While I can see that it might seem to fit with the theme of moving on from a grief ambush, its sentiment is not one I agree with. Well it's true that every day is a new day, unless perhaps you live in a black hole in space, but the way I understood it was that Carrie is suggesting there's a mythical golden state of happiness that we can all attain, if only we can let go of the past.

We all have 'stuff' going on in our lives, mental and physical, some of it extreme and I think that happiness is available wherever we are, including in the middle of our not-moving-on-ness. Of course it fluctuates all the time, its appearance as cyclical as other emotions sparked by illness (mental and physical), grief and the relationships we have with those around us.

Sometimes it's easy to see, imbuing us with its rays from inside or outside, other times not recognised until after the moment has passed and we look back.
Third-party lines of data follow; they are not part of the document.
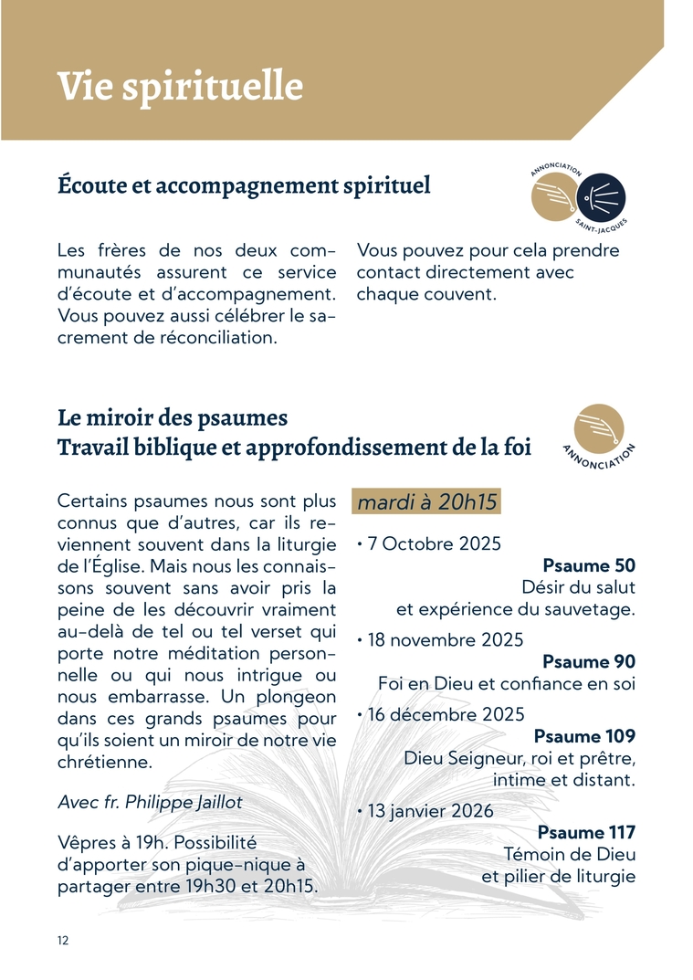 12Vie spirituelleLe miroir des psaumes Travail biblique et approfondissement de la foiCertains psaumes nous sont plus connus que d’autres, car ils re-viennent souvent dans la liturgie de l’Église. Mais nous les connais-sons souvent sans avoir pris la peine de les découvrir vraiment au-delà de tel ou tel verset qui porte notre méditation person-nelle ou qui nous intrigue ou nous embarrasse. Un plongeon dans ces grands psaumes pour qu’ils soient un miroir de notre vie chrétienne.Avec fr. Philippe JaillotVêpres à 19h. Possibilité d’apporter son pique-nique à partager entre 19h30 et 20h15.mardi à 20h15∙ 7 Octobre 2025Psaume 50 Désir du salut et expérience du sauvetage.∙ 18 novembre 2025Psaume 90 Foi en Dieu et confiance en soi∙ 16 décembre 2025Psaume 109 Dieu Seigneur, roi et prêtre, intime et distant.∙ 13 janvier 2026Psaume 117 Témoin de Dieu et pilier de liturgieÉcoute et accompagnement spirituelLes frères de nos deux com-munautés assurent ce service d’écoute et d’accompagnement. Vous pouvez aussi célébrer le sa-crement de réconciliation.Vous pouvez pour cela prendre contact directement avec chaque couvent.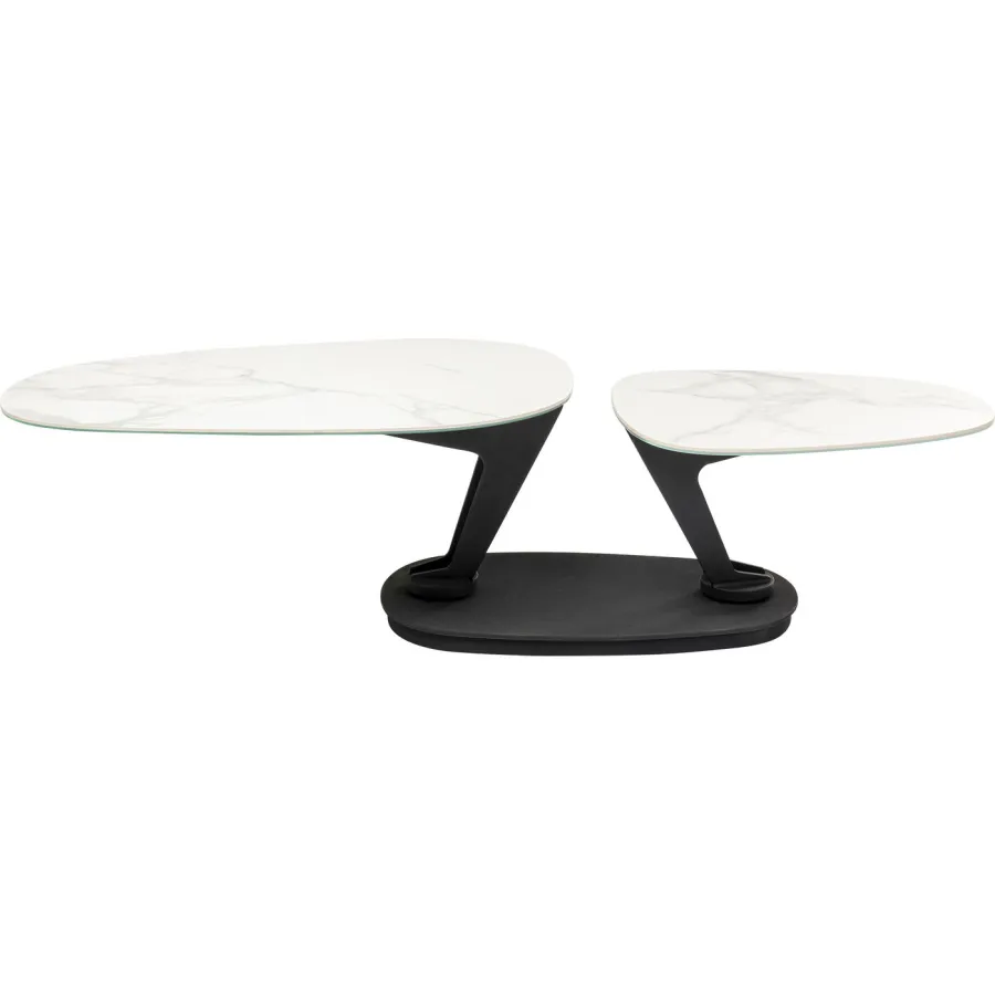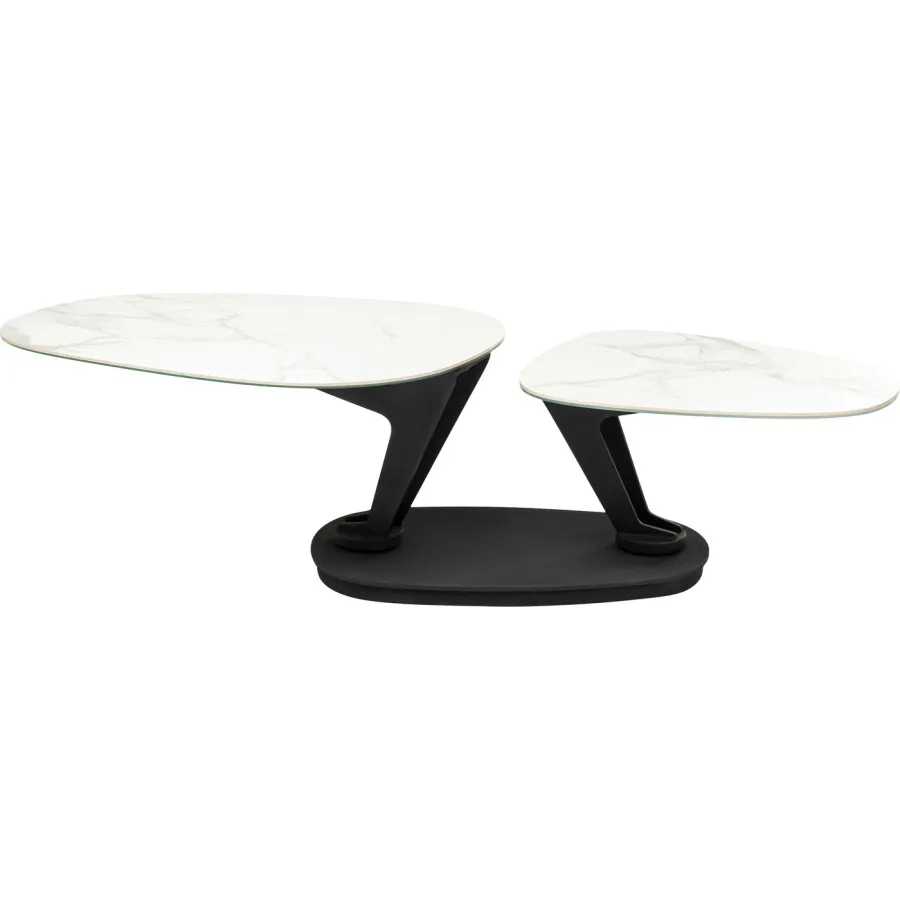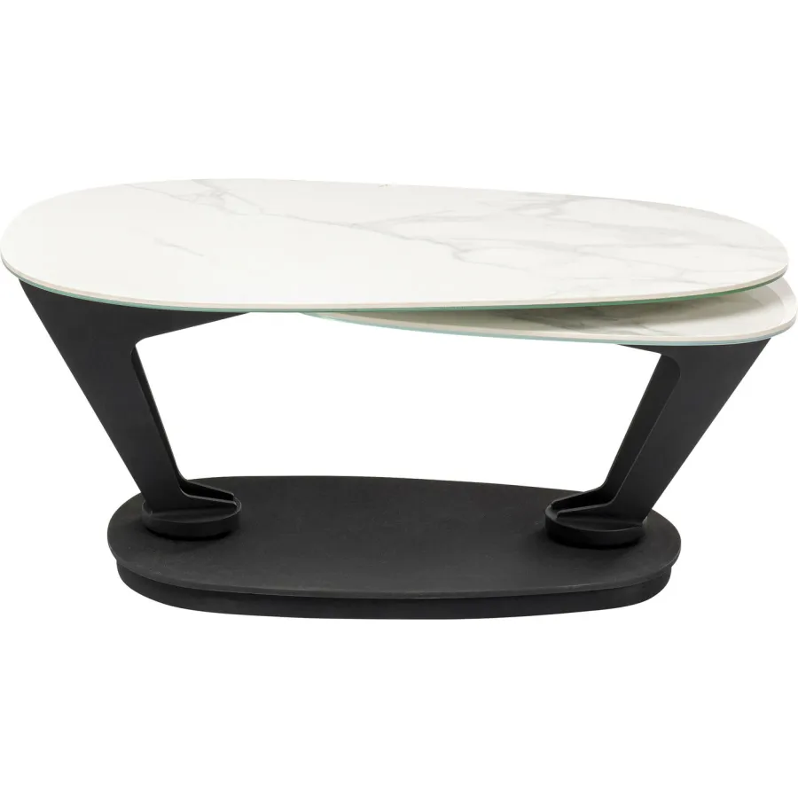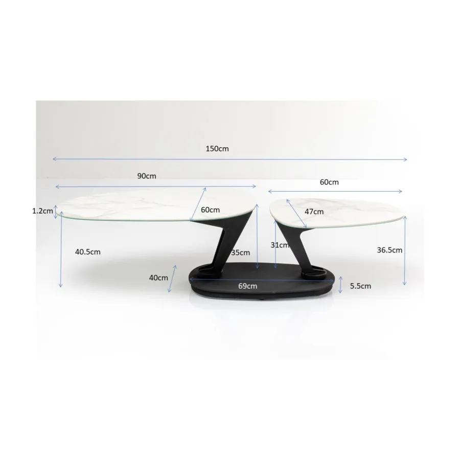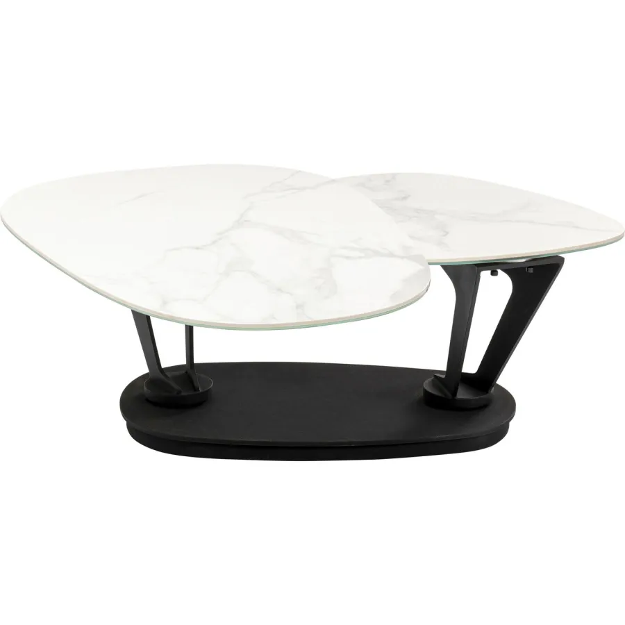 Wyobraź sobie, że po prostu wygodnie rozsiadasz się na sofie, siedząc lub leżąc. Jednak jakimś cudem stolik kawowy nie jest w zasięgu ręki. W tym przypadku stół do salonu Franklin oferuje praktyczne i stylowe rozwiązanie zamiast przesuwać stoły. Posiada dwie harmonijnie ukształtowane powierzchnie, z których każdą można samodzielnie obracać. Oznacza to, że możesz wielokrotnie przekształcać ten designerski stolik kawowy, w zależności od tego, jak obrócisz blaty. Pomysł na projekt Franklina to nie jedyna zaleta tego eleganckiego stolika bocznego. Otrzymasz mebel wykonany z trwałych materiałów o wysokiej jakości, dzięki czemu zachowa swoją wartość. Jego styl jest nowoczesny i ponadczasowy, a także będzie pasował do krajobrazu Twojego następnego salonu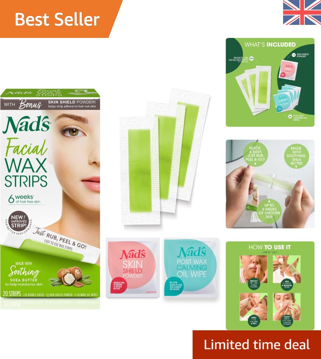 Nad's Facial Wax Strips Set – Complete Hair Removal Kit for Ladies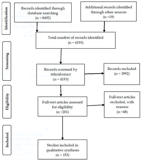 A total of 4193 unique articles were identified after excluding 4318 duplicates. Out of the remaining articles, 3992 were excluded because their abstracts and titles did not meet the eligibility requirements (Figure 1). From a full-text review of the remaining 201 articles a total of 153 were identified for the final review. The reasons for excluding 48 studies were that they had used non-spatial statistical methods (29 articles) or local or regional health survey data (18 articles), while one article was a systematic review (1 article).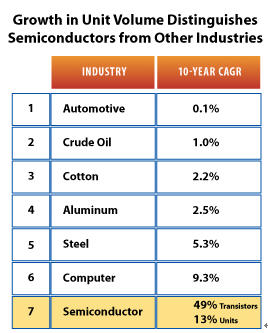 半導體業(yè)在數(shù)量上的增長與其它工業(yè)不同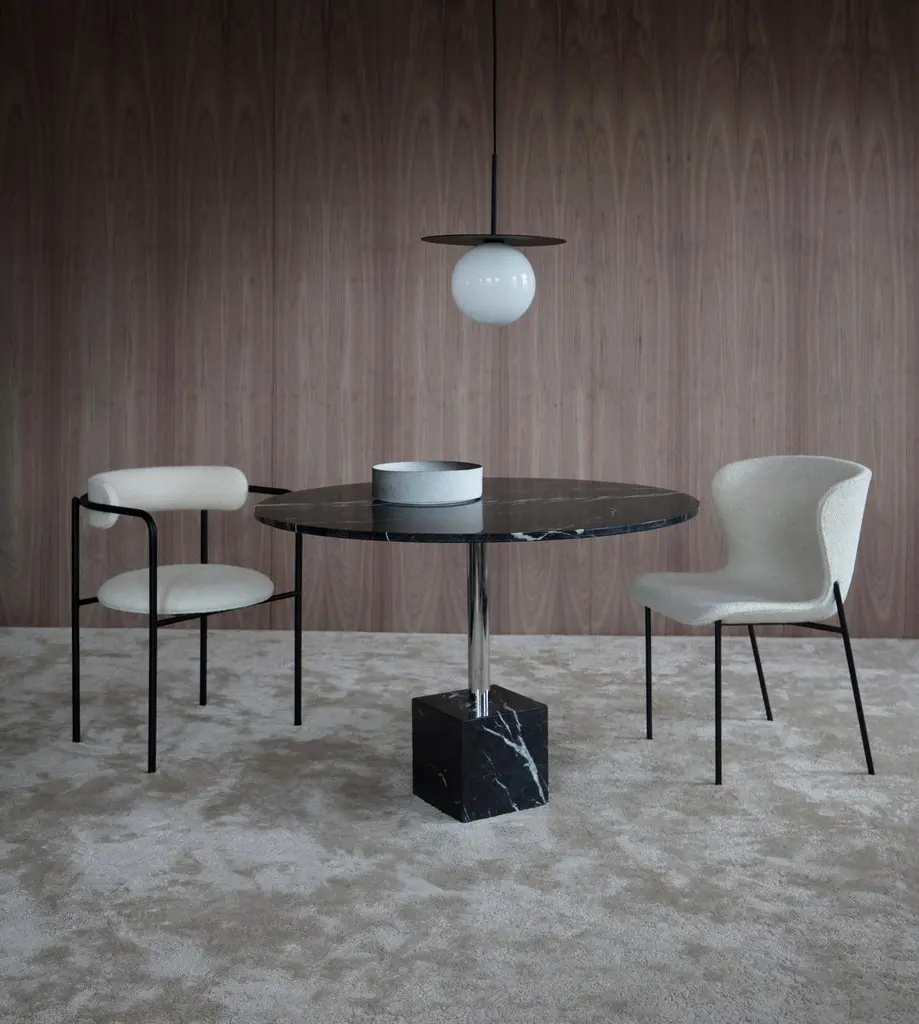 The 'Pipe' Chair designed by Ida L. Hildebrand for Friends & FoundersDimensions:H. 81 x W. 59 x D. 55 cmH. 31,89 x W. 23,23 x D. 21,65"Model shown in main picture:- Seat Fabric: Dedar, Beige Wool, Xylophone 002- Legs Finish: Black frame---Contemporary design studio Friends & Founders was founded in 2003 by Ida Linea and Rasmus Hilderbrand in Copenhagen, Denmark.For this couple, designing and creating is a ”geometrical performance act”. The lines and shapes are sleek and pure; often organic. And sometimes, it contrasts with the masculinity of the materials used, as marble or metal. The creations signed by Friends & Founders may look simple. In reality, the pieces are a perfect balance between functional comfort and elegance of lines and design.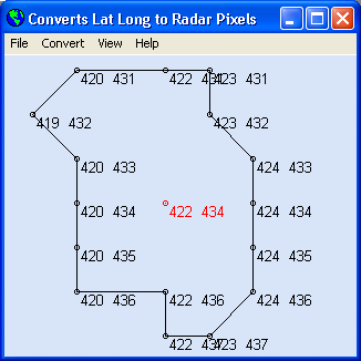 Determine and save boundary area pixel locations on the radar image.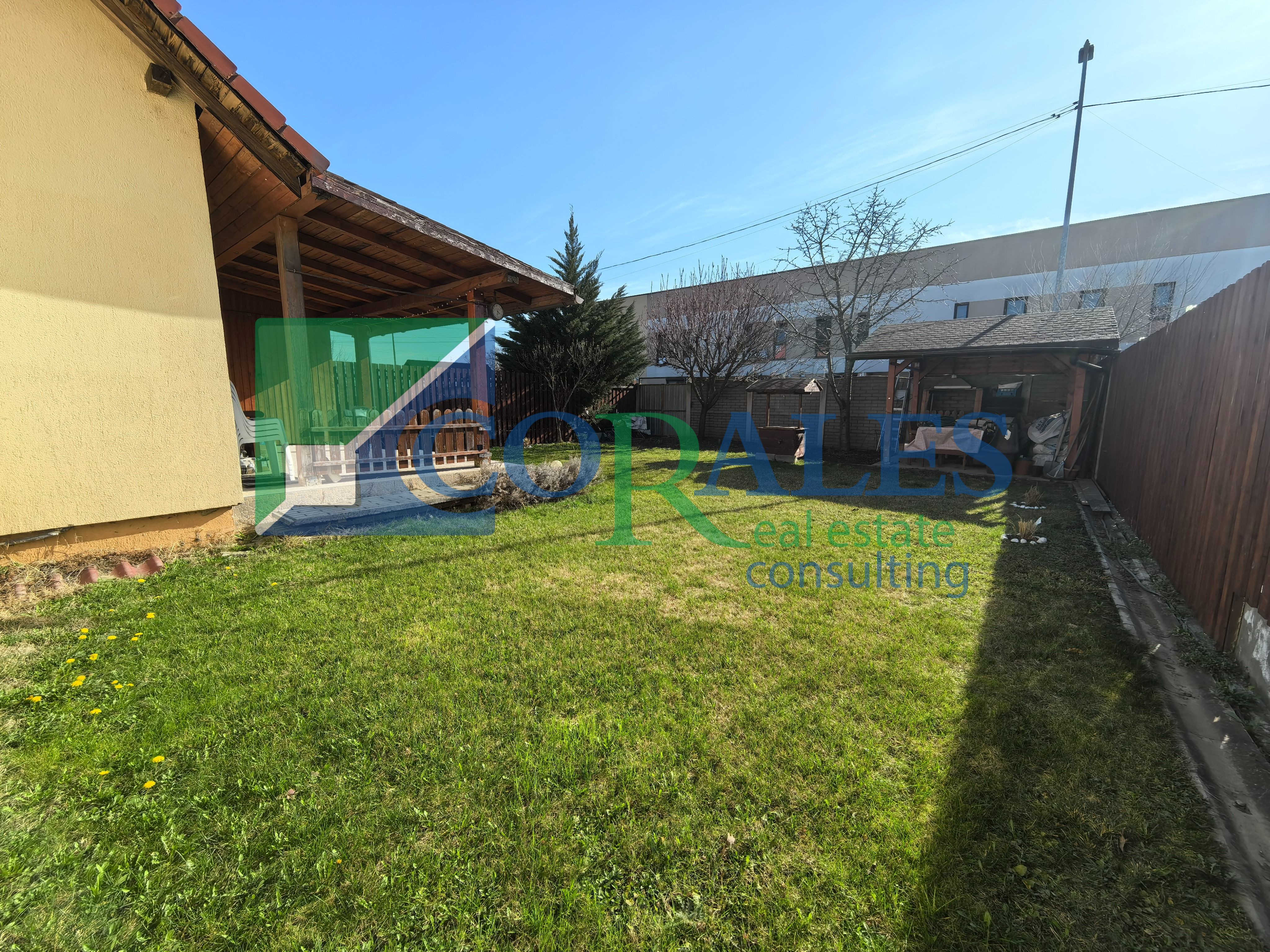 Exterior: gradina complet amenajata cu gazon si plante decorative, sistem de iluminat exterior, gratar din caramida, foraj + pompa pentru irigatii;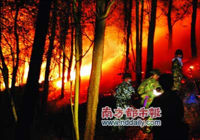 昨日凌晨0時(shí)許,廣州白云區(qū)太和鎮(zhèn)東坑塘山與京珠高速接駁處山頭陷入火海,火勢一度蔓延至山腳,威脅到村莊和京珠高速。接警后,市森林防火指揮部帶領(lǐng)5支森林防火大隊(duì),在市消防、太和鎮(zhèn)消防的協(xié)助下,采用高壓水車與水泵串連的先進(jìn)技術(shù),實(shí)施夜間遠(yuǎn)程滅火,40分鐘內(nèi)控制火勢,確保了山腳眾多村莊的安全和京珠高速的正常通車。白云警方在現(xiàn)場抓獲一名疑患精神類疾病的男子,后證實(shí)山火正是因其無意縱火而致,該男子目前已被拘留。
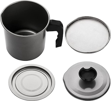 Kitchen oil container: the pot body is made of quality iron material, which is resistant to corrosion and high temperature; The fine mesh strainer of oil container pot is made of stainless steel, durable and reliable, which can filter out the residue in the oil and help you make better use of the cooking oil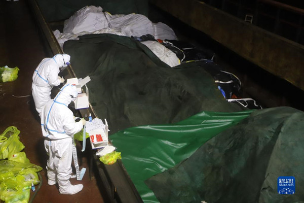 中國海警局直屬第二局執(zhí)法員對涉案凍品進行取樣檢測(2月12日攝)。新華社發(fā)(張淼 攝)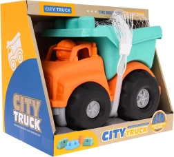 De laadbak kan eenvoudig met de hand omhoog en omlaag worden bewogen, zodat kinderen realistisch kunnen laden en lossen. Grote bewegende wielen zorgen voor een soepele rit.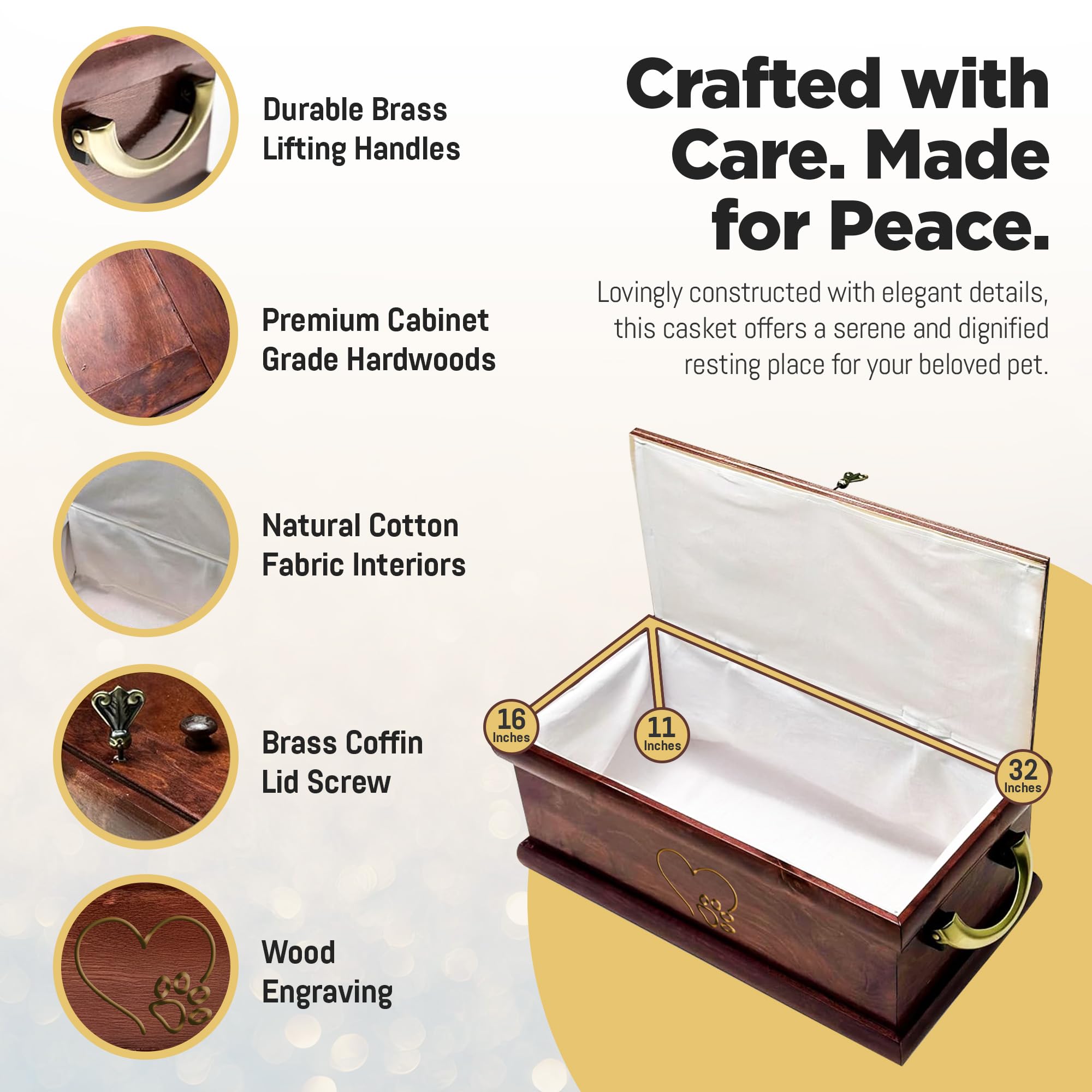 INTERIOR COMFORT AND CARE: Inside, the casket is lined with 100% natural cotton fabric, offering a soft, peaceful, and comfortable environment for your pet’s final resting place. This interior detail ensures that your pet rests gently, surrounded by care and comfort. The cotton lining adds a practical, yet elegant, touch to the casket, making it a perfect blend of beauty and functionality for your furry friend.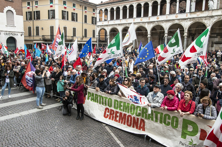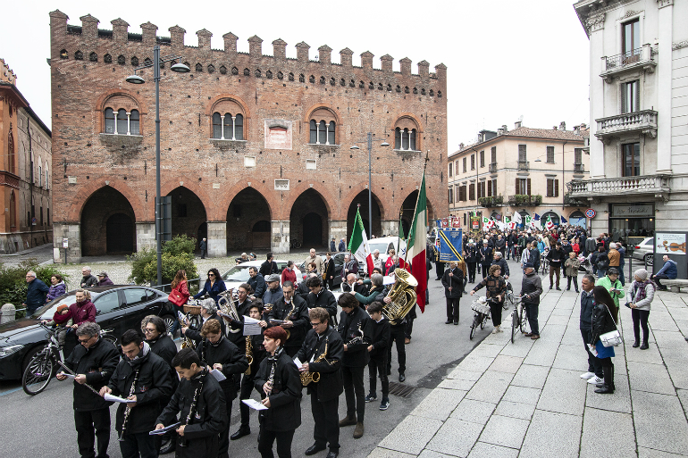 Il corteo ha preso il via intorno alle 10.30, ha percorso corso Garibaldi, poi corso Campi, per svoltare quindi in piazza Stradivari e portarsi in piazza del Comune. Sul palco allestito sulla piazza si sono succeduti i rappresentanti istituzionali, per i saluti e le dichiarazioni di rito. “Il 25 aprile unisce la società” ha detto il sindaco Gianluca Galimberti, che con il consueto entusiasmo ha parlato alle persone presenti. “Abbiamo bisogno delle istituzioni e abbiamo bisogno che continuino a garantire la libertà. Perché uno Stato fondato sulla Costituzione è un inno alla libertà e alla democrazia”. Una democrazia che, secondo il primo cittadino, va ravvivata: “Bisogna trasformare una democrazia stanca in una democrazia viva, che include tutti, soprattutto chi sta ai margini della società”.

For many, it may well feel like it's gone forever as we go through a tunnel, but at the back of the knees, or wherever it lives, I think happiness is always present, ready to pop out, even if only fleetingly.

Moments in my life where it's appeared recently have been when playing football with my son and his younger friend, who spent the whole time giggling infectiously as he scampered round my lumbering figure; swimming outside in the rain and seeing some ducks landing on the blue waters of the municipal pool; watching an episode of Graham Norton as my daughter fell asleep on me, and having a good-natured banter with colleagues at work. Flickers of happiness that boost me through the days.

Achieving something out of the ordinary can make you happy too. I once mended a tap that had been switched off for months because it leaked. It involved me ordering a ceramic disk thingy online and watching how to do it on YouTube. I'm grinning inside now when I think that I, Ms D.I.Y. Disaster, did something that my male friends had said needed a professional.

So to summarise (counsel), I'd argue that happiness, or the memory of happiness, is there inside all of us in our static state and connectable at any instant; and that one facet of my ongoing recovery is seeking that connection as often as possible when the mind starts to tumble down.